WHAT NEEDS TO BE DONE: All lines in the records below from the line with "百搭蕾丝遮臀T恤女秋季韩版小众拼接遮臀宽松厚款长袖中长款上衣" through the line with "点击显存使用策略-选择【资源占用更小】,降低单个模拟器运行时的显存、内存使用;" are to be given again exactly, both ends included; the pictures are to be left out.

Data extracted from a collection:
___

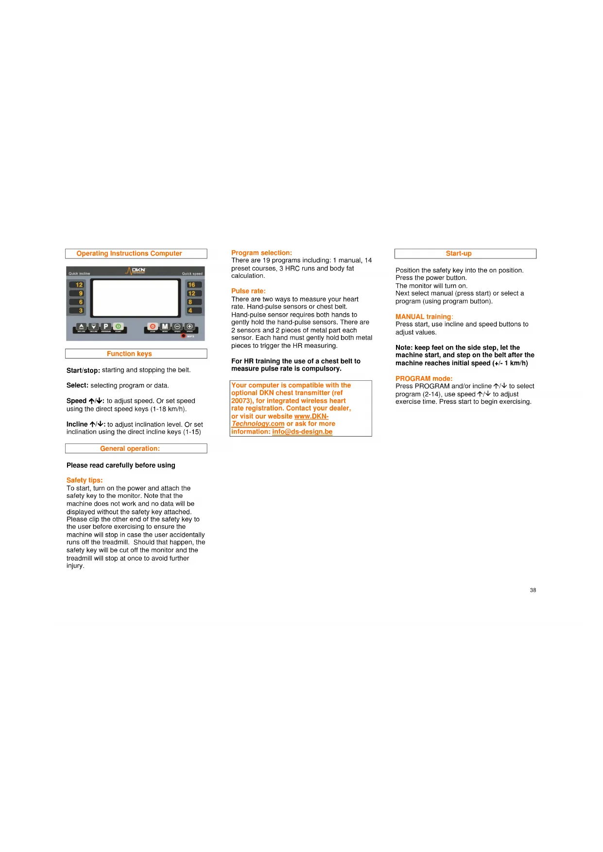 Your computer is compatible with the optional DKN chest transmitter (ref 20073), for integrated wireless heart rate registration. Contact your dealer, or visit our website www.DKN-Technology.com or ask for more information: info@ds-design.be
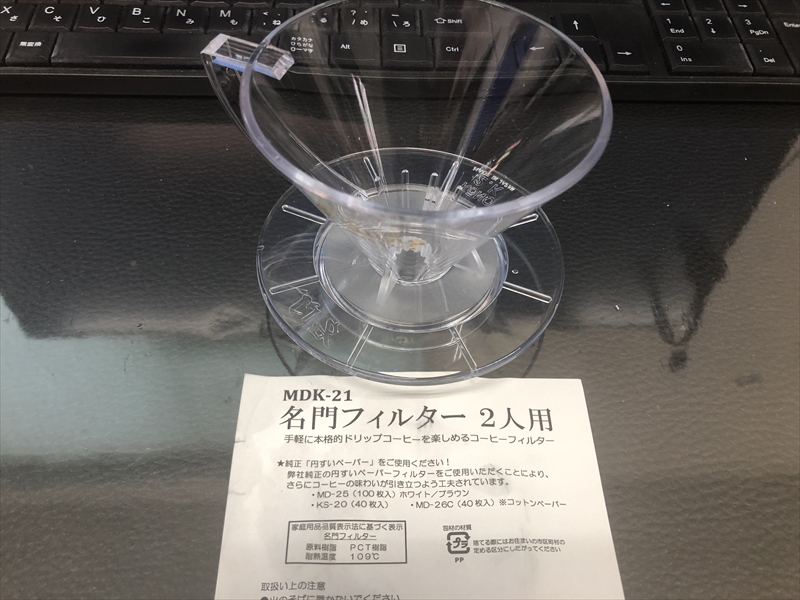 ずっとKONOの名門を使い続けていますが、1杯入れが上手くできないのでリブが短くて穴の小さくなったMDK-21を試してみることに。
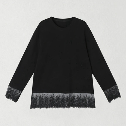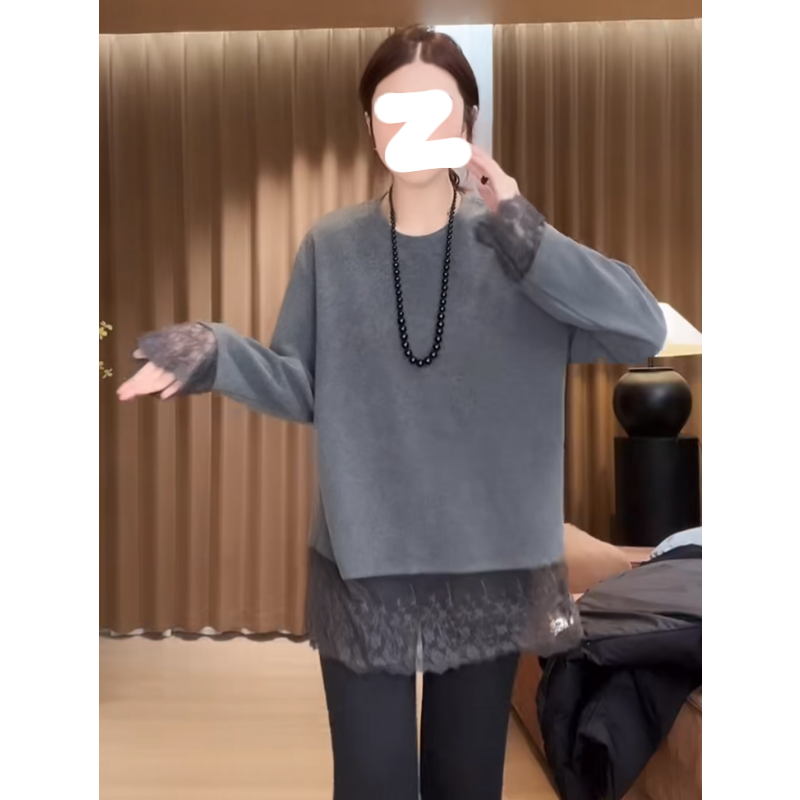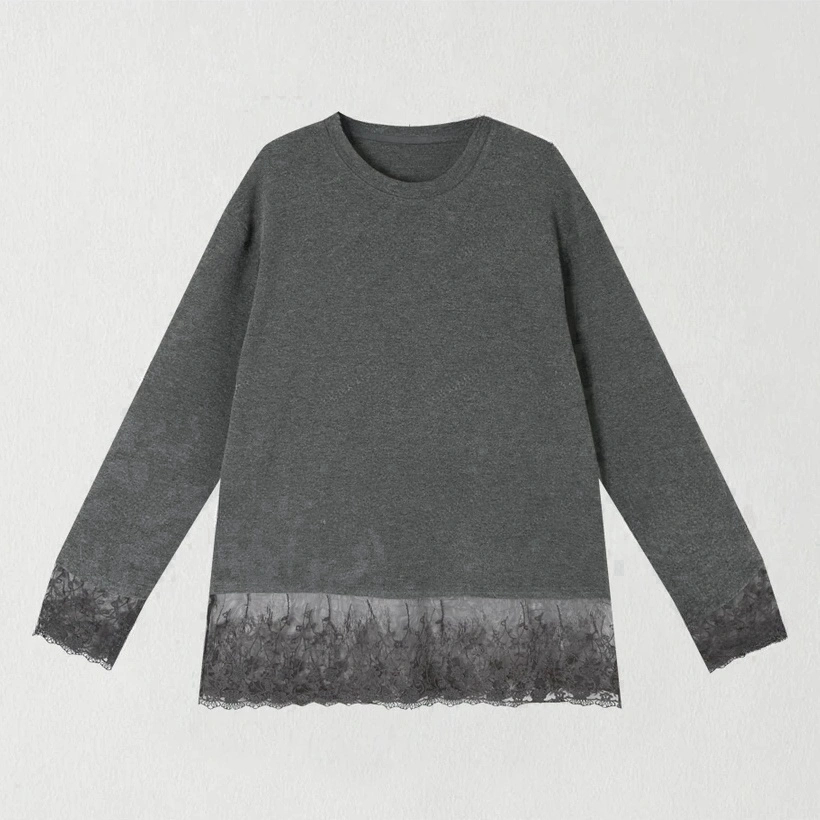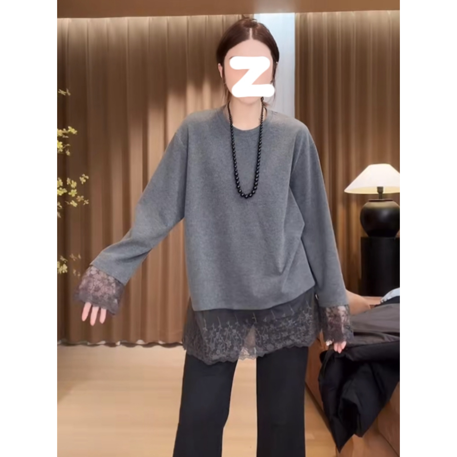 百搭蕾丝遮臀T恤女秋季韩版小众拼接遮臀宽松厚款长袖中长款上衣
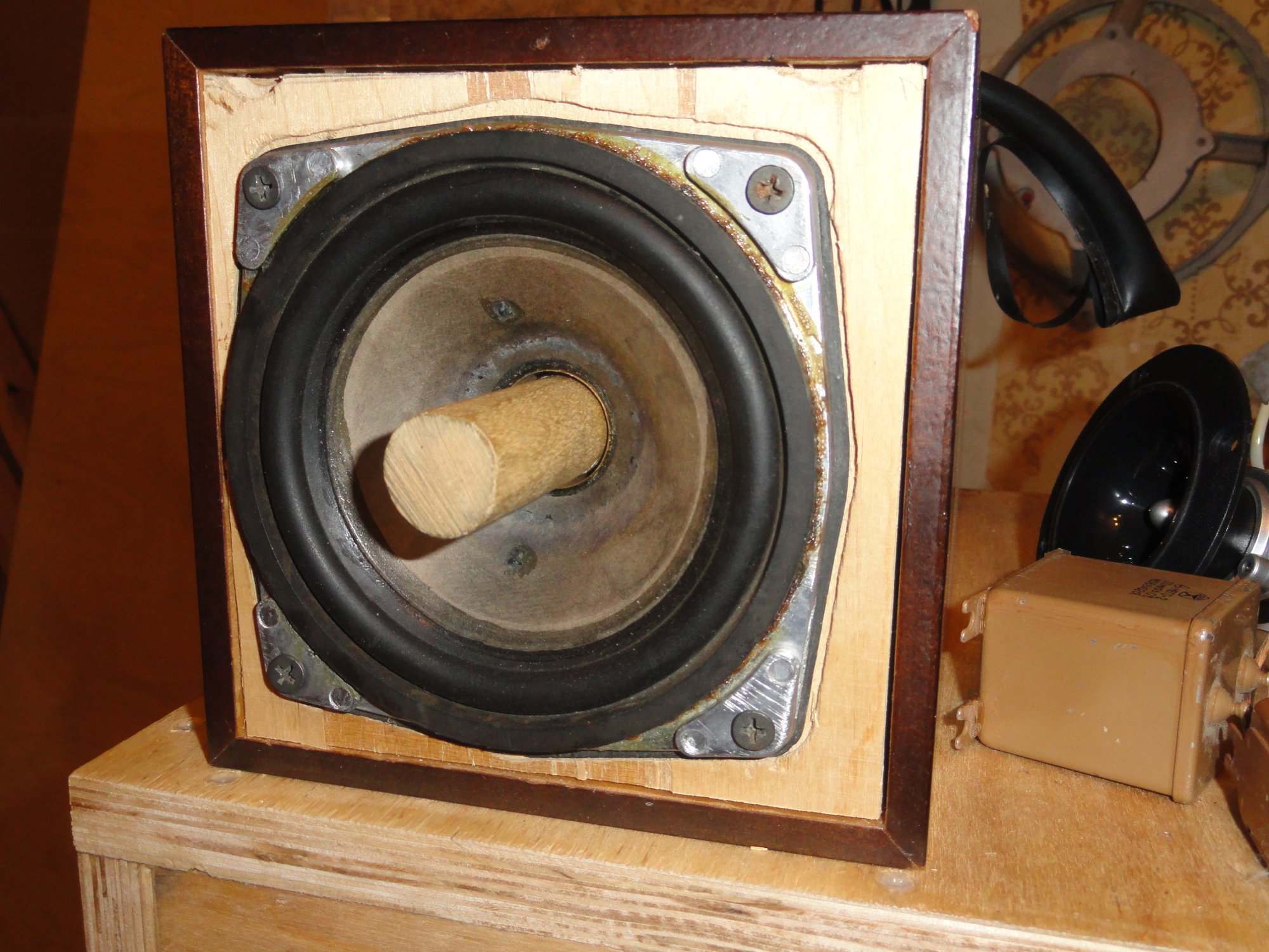 Это НЧ. Спереди такой же динамик уже тянет от 100Гц и выше через фильтр на 500мкф и катуху по памяти, на 4, 7 мГн. Импеданс не провален, стык ровный, звук классный.И задницами не толкаются рядом на одной доске.
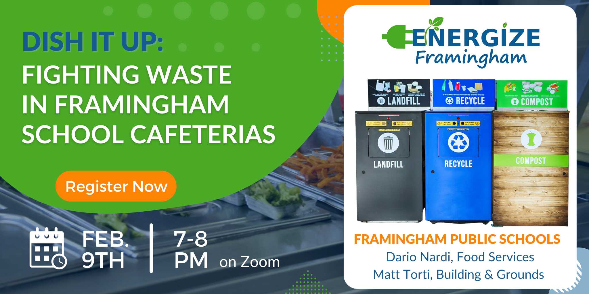 Hear from Dario Nardi of food services and Matt Torti of building and grounds from Framingham Public Schools. They will be speaking about food waste, composting and recycling in the Framingham school cafeterias.
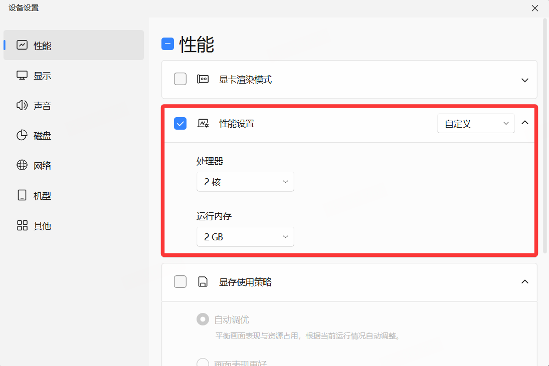 点击显存使用策略-选择【资源占用更小】,降低单个模拟器运行时的显存、内存使用;
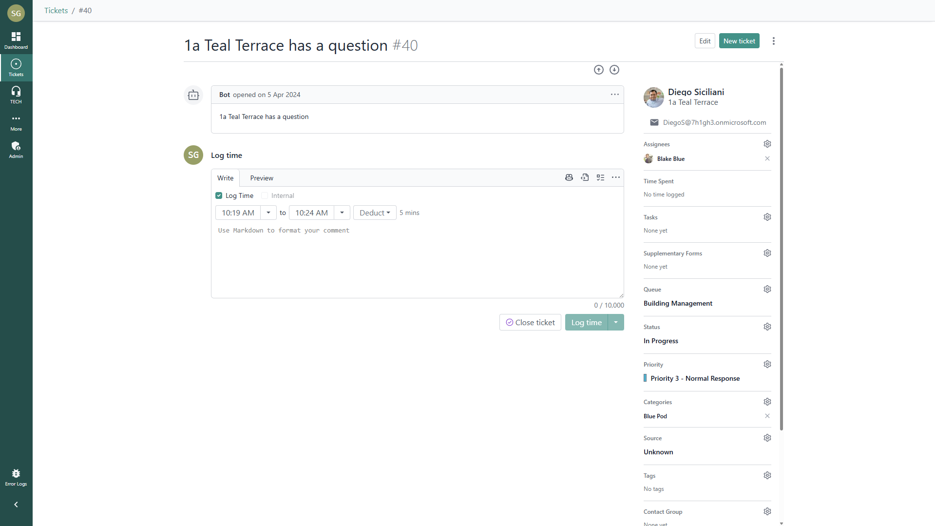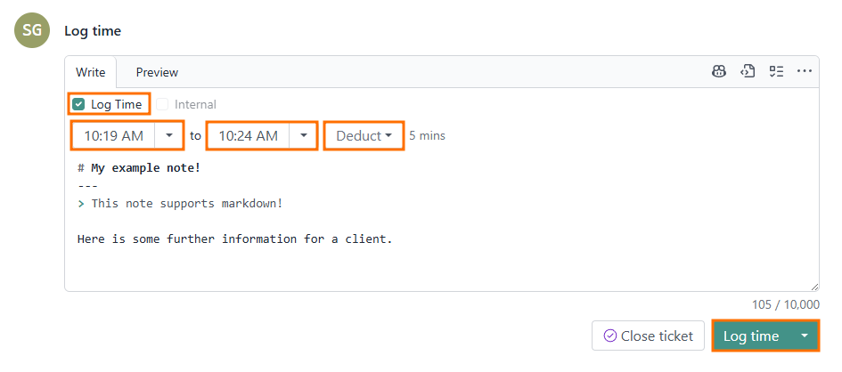 To add time to a ticket, make sure your ticket is not marked as an internal note, then add your details. You then select the Log Time checkbox and add your start time, end time, and any time that should be deducted.

___

ANSWER SPACE:
 百搭蕾丝遮臀T恤女秋季韩版小众拼接遮臀宽松厚款长袖中长款上衣
 Это НЧ. Спереди такой же динамик уже тянет от 100Гц и выше через фильтр на 500мкф и катуху по памяти, на 4, 7 мГн. Импеданс не провален, стык ровный, звук классный.И задницами не толкаются рядом на одной доске.
 Hear from Dario Nardi of food services and Matt Torti of building and grounds from Framingham Public Schools. They will be speaking about food waste, composting and recycling in the Framingham school cafeterias.
 点击显存使用策略-选择【资源占用更小】,降低单个模拟器运行时的显存、内存使用;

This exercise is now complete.